天気予報が表示する無慈悲な数字に絶望しつつ、そこらへんにあった下敷きで仰ぐ堀を見やる。ちょっと待って。暑さで頭働かないけど、こんな無意味なように思える言葉を同じ部屋で肩肘張らずに交わせるだなんて。そんなの、

なんていうか、一緒に住んでるみたい?

「ってバカ、何考えてんのもう……!」
「ちょっ、頭机にぶつけて何やってんだ長谷部、大丈夫か!?」
「ちがう、暑さで暴走しちゃっただけ」
「暴走?」

そうそう暴走なのです。だからあんまり深く突っ込まないでください。湯気が出てきそうなほっぺたを両手で隠しつつ、蚊の鳴くようなか細い声で訴える。堀は納得したのかしていないのか、私の頭をポンと叩くと、視線をテレビに向けてくれた。
うう、察しが良くて助かります。だって、堀との有りもしない未来を妄想してました、なんてそんなの言えっこない。こんな頭お花畑だと知られたら愛想つかされそうだ、もう。

「こんな暑かったらアイス食べたくなる、かも」
「そうだな。長谷部の頬も冷やさなくちゃいけねぇもんな」
「ちょ……もう!」

誰のせいだと思ってるの。私と同じ場所に、隣に、すぐ側に堀がいるからだもん。
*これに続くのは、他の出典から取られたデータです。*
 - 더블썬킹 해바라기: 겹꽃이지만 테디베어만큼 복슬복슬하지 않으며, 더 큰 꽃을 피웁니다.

こんなにも頭の中を占めて、引っ掻き回して、
しあわせなの、絶対堀のせいなんだから。

◇ ◇ ◇

「それにしても、野崎のやつ遅いなー」
「ねー。千代迎えに行くだけなのに、結構時間かかってるよね……」

そんなことを言いながらテレビの電源を付けリモコンを操作する堀を見ていたら、不意に睡魔が襲ってきた。まだ少し暑さが残る空間、特に会話もない静かな部屋、掛け時計の秒針の音、興味のない報道番組のナレーション。
あらゆる音をBGMにして、気付けばうとうとと船を漕いでいた。

「……ふぁ、」

欠伸が出た。やばい、これは本格的に眠いかも。
そりゃそうだよ。昨晩考え事しながら寝たから、ぐっすりスッキリ寝れたわけじゃない、し……。
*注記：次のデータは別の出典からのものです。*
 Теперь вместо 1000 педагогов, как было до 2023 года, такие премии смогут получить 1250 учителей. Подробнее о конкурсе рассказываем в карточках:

長谷部、そう堀に呼ばれた気がした。返事をしたけど、それが言葉になってるかどうか確かめられるほど意識はしっかりしてなくて。
あ、この座り方だと良い高さに堀の肩がある。横に座って良かった、そう思いながら肩に寄りかかって目を瞑る。

「ごめんね、堀。5分だけ、このまま寝たいかも……」
「はぁ?おい、長谷部……?」

自分が割と恥ずかしいことしてる自覚はあるんだけど、いかんせん眠さが増してるというか。睡魔に抗うことなく、意識が徐々に沈んでいく。

頭の上、あったかいのはきっと夢かな。ぽんぽん、リズムよく触れられるのが気持ちいい。そうだなぁ。いつかこうやって、ふたりくっついてゆっくり過ごせたら良いなぁ。
そして、目を開けたらすぐ側に堀がいるの。目覚めて一番に見るのが大好きな人の顔なんて、そういうのって憧れちゃう。笑った顔だって困った顔だって全部全部見ていたい。仕方ねぇな、そんなこと言って偶に甘やかしてくれちゃったらもう最高。

ねえ。やっぱり期待しちゃうよ、大好きだもん。現実では言えないから、せめて夢の中では素直にね。
だって、こんなの、きっと幻。それでも、「……俺も、お前から片時も目ぇ離したくねぇくらい好きだ」なんて。拗ねたような顔の堀を、目が覚めたら忘れちゃうなんて勿体無くてやだな。